[Collected data]
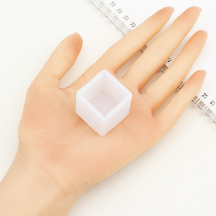 Силиконовая форма для изготовления изделий из эпоксидной смолы, из УФ смолы в форме куба.
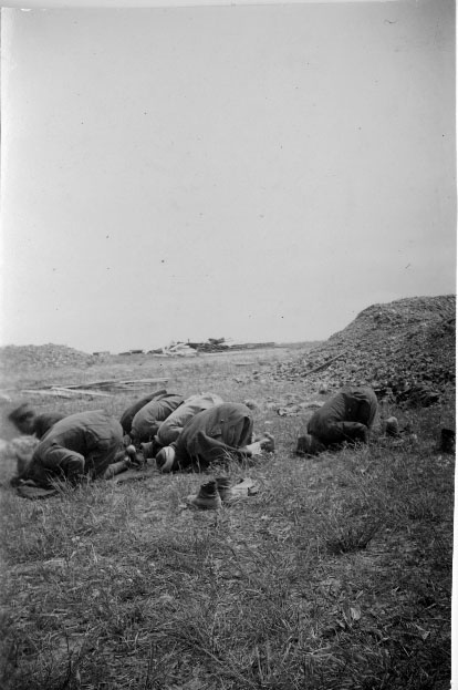 Soldats nord-africains prisonniers priant la tête vers la Mecque dans un camp de prisonniers pendant la Seconde Guerre Mondiale en 1940 en France
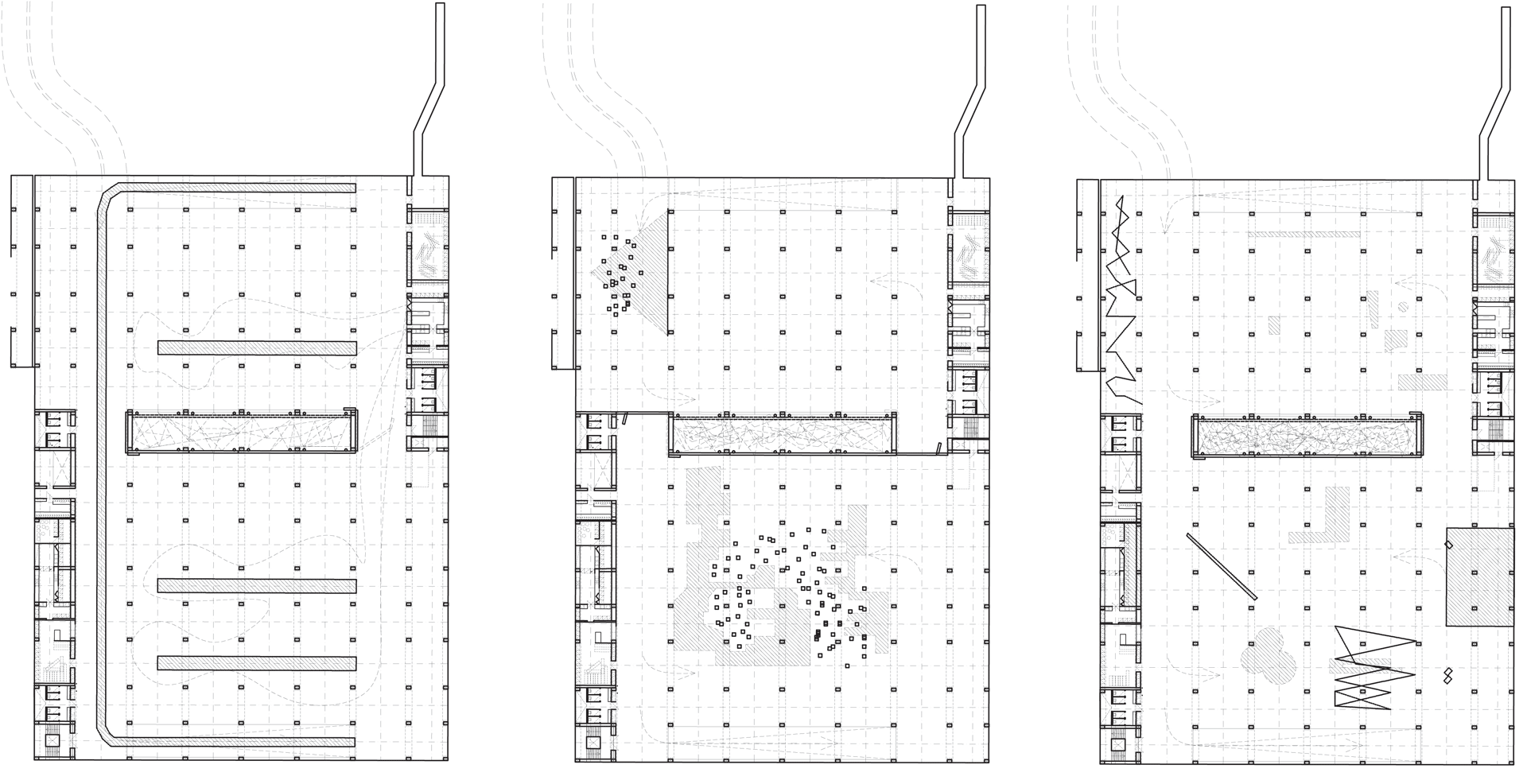 Where does space lie for a new urban plan of discontinuous areas, that have already been examined by nine unrealized plans? Furthermore, can a new plan include change as the main design parameter? The Tenth Plan responds by reduction and changeability. It drafts a scenario extending into the far future, beyond the termination of the territory's denominator: film studios. Based on a map of local and wider centers and placed on historic routes, it specifies three major acceleration points in the ideologically uncharted area along the most important traffic barrier. Points are deliberately designed to avoid the architecture's time specificity by hosting film landscapes. Their function and volume are a compromise between the interconnected city structures: physical or metaphysical. |
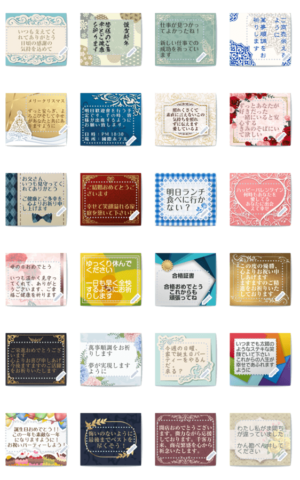 誕生日, クリスマス, ニューイヤー, バレンタイン, 母の日, 父の日, 結婚, ウエディング, おめでとう, 証書, 招待状, ごめんね, ありがとう(メッセージスタンプ) 現在この商品は一部のスマートフォン版LINE 10.3.0以上のトークルームでのみ使用できます。動作環境の最新情報はヘルプをご確認ください。Gummy Banana より発売
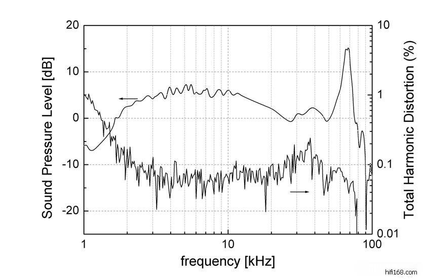 频响可谓非常雷人,所谓到100kHz的高音,其实从10kHz就滚降了,再往上就是剧烈谐振峰,在100kHz有响应而已。
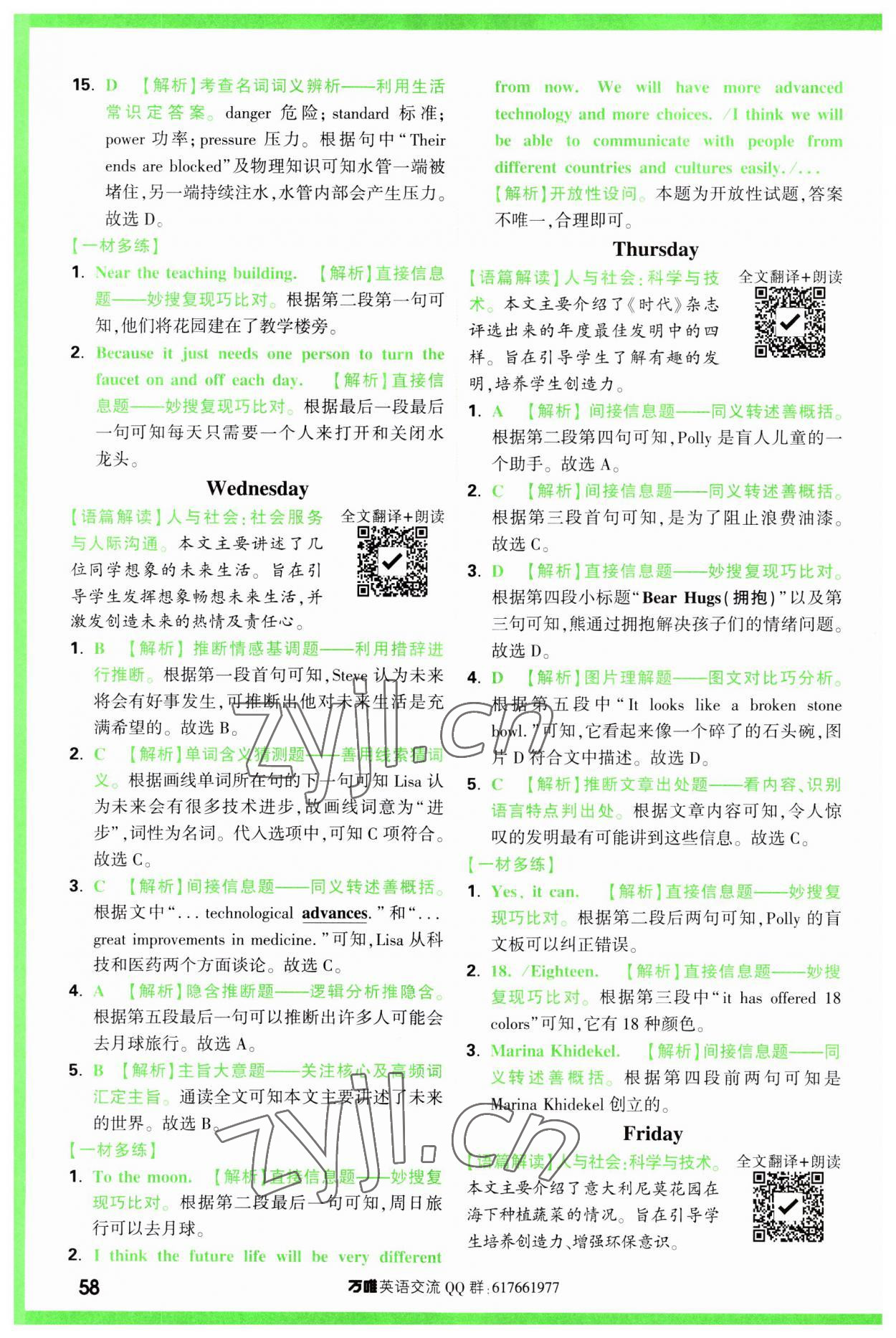 2023年万唯中考完形填空阅读理解八年级英语人教版

◆ What is required:
Reproduce each entry precisely. Leave the pictures out.

◆ Written response:
 Силиконовая форма для изготовления изделий из эпоксидной смолы, из УФ смолы в форме куба.
 Soldats nord-africains prisonniers priant la tête vers la Mecque dans un camp de prisonniers pendant la Seconde Guerre Mondiale en 1940 en France
 Where does space lie for a new urban plan of discontinuous areas, that have already been examined by nine unrealized plans? Furthermore, can a new plan include change as the main design parameter? The Tenth Plan responds by reduction and changeability. It drafts a scenario extending into the far future, beyond the termination of the territory's denominator: film studios. Based on a map of local and wider centers and placed on historic routes, it specifies three major acceleration points in the ideologically uncharted area along the most important traffic barrier. Points are deliberately designed to avoid the architecture's time specificity by hosting film landscapes. Their function and volume are a compromise between the interconnected city structures: physical or metaphysical. |
 誕生日, クリスマス, ニューイヤー, バレンタイン, 母の日, 父の日, 結婚, ウエディング, おめでとう, 証書, 招待状, ごめんね, ありがとう(メッセージスタンプ) 現在この商品は一部のスマートフォン版LINE 10.3.0以上のトークルームでのみ使用できます。動作環境の最新情報はヘルプをご確認ください。Gummy Banana より発売
 频响可谓非常雷人,所谓到100kHz的高音,其实从10kHz就滚降了,再往上就是剧烈谐振峰,在100kHz有响应而已。
 2023年万唯中考完形填空阅读理解八年级英语人教版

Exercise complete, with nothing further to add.